= Cuz Cuz =

Village and archeological site in Chile

Cuz Cuz or Cuzcuz is a small village and an archeological site which lies about 6 kilometers from the city of Illapel, Choapa Province, in the Coquimbo Region of Chile. It is important in Chilean history as the place where the treaty ending the Chilean Civil War of 1829 was signed.

==History==
The first inhabitants of the area arrived during the Paleoindian Period (12000-8000 a.C) characterized by hunters of large size animals. Archeological digs for this periods have been found in the Quereo site. The second period is the Archaic (8000 -200 a.C) with a population of hunters and gatherers. The third population period is the Agro-Potters with: a) the El Molle complex (130 a.C-700 d.C), b) Las Ánimas (800-1000 d.C) and c) Diaguita culture (1000-1536 d.C). Finally the Incas conquered this territory shortly before the arrival of the Spaniards, which establish their main population center about 5 kilometers away, at the confluence of the rivers Illapel and Choapa, founding the city of Illapel.

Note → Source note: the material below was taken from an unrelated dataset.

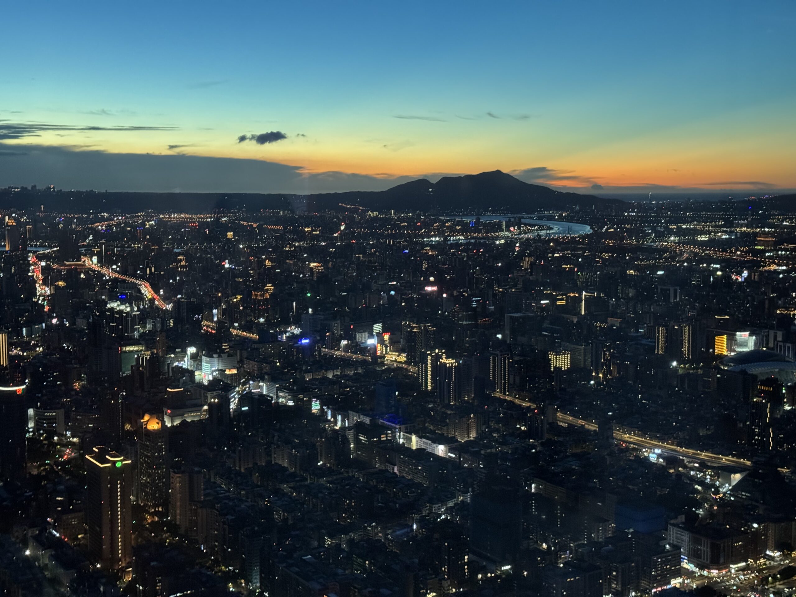 The day after orientation was a free day, so I decided to visit Taipei 101, which is the tallest building in Taiwan. I took the high-speed elevator up to the observation deck, where I got an incredible view of the entire city. I went later in the evening so I could see the sunset. The city at night was incredibly bright. I could even see mountains far in the distance.
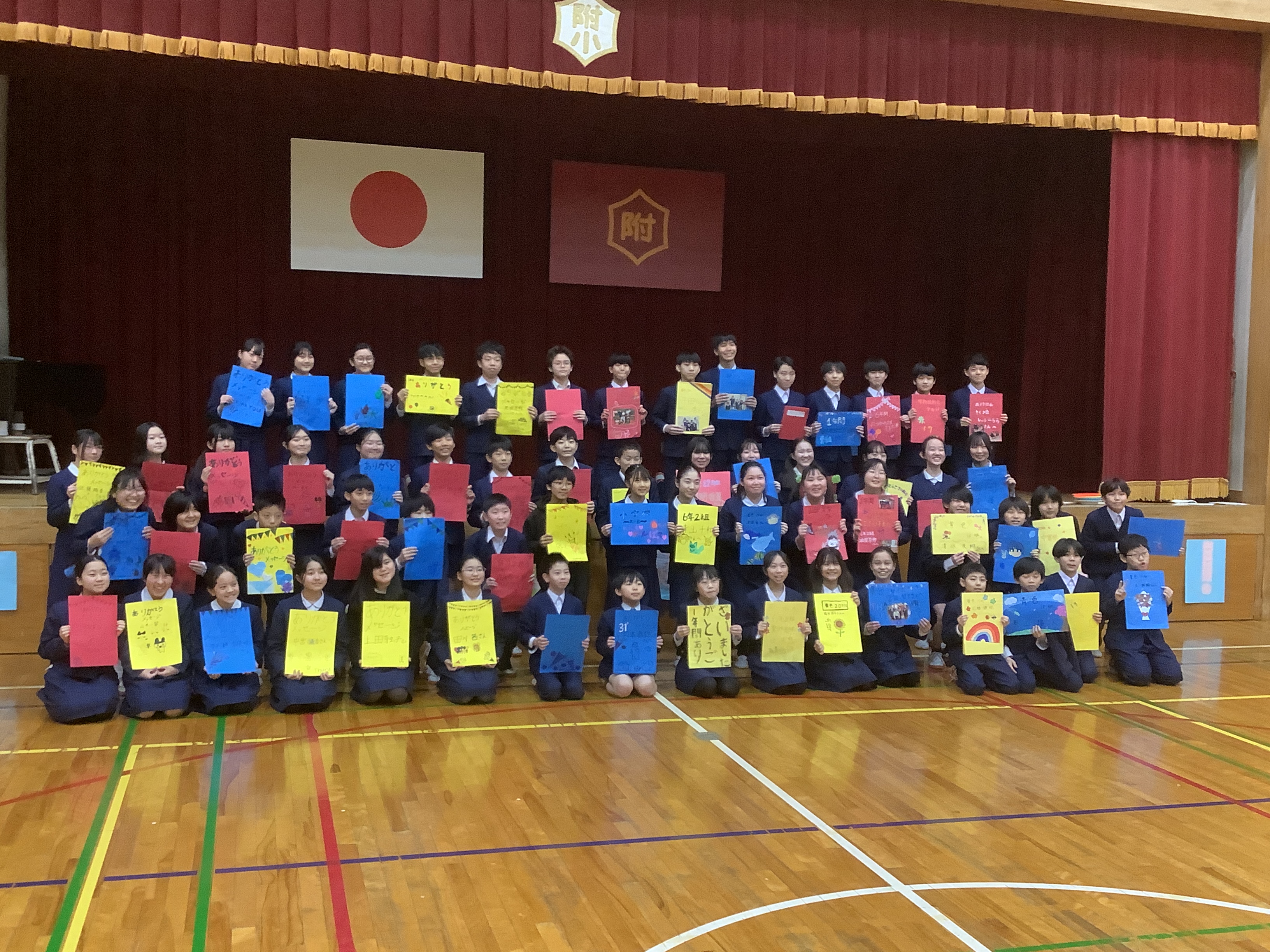 メッセージカードをもって6年生がそろって記念撮影

The Treaty of Cuz-Cuz, between the liberal and the Conservatives forces that brought an end the Chilean Civil War of 1829 was signed here.

==Tourism==
Cuz-Cuz is home to one of the largest concentrations of petroglyphs from the El Molle culture. They are spread out over an area of approximately 35 square kilometers. This site seem to form part of a large ancient astronomical observatory, with the petroglyphs being their astronomical records.

May 15 is San Isidro Day in Cuz-Cuz. If the day falls on a Monday, the following Sunday is celebrated. Celebrations begin at noon with a Mass, followed by a procession and Chinese dances.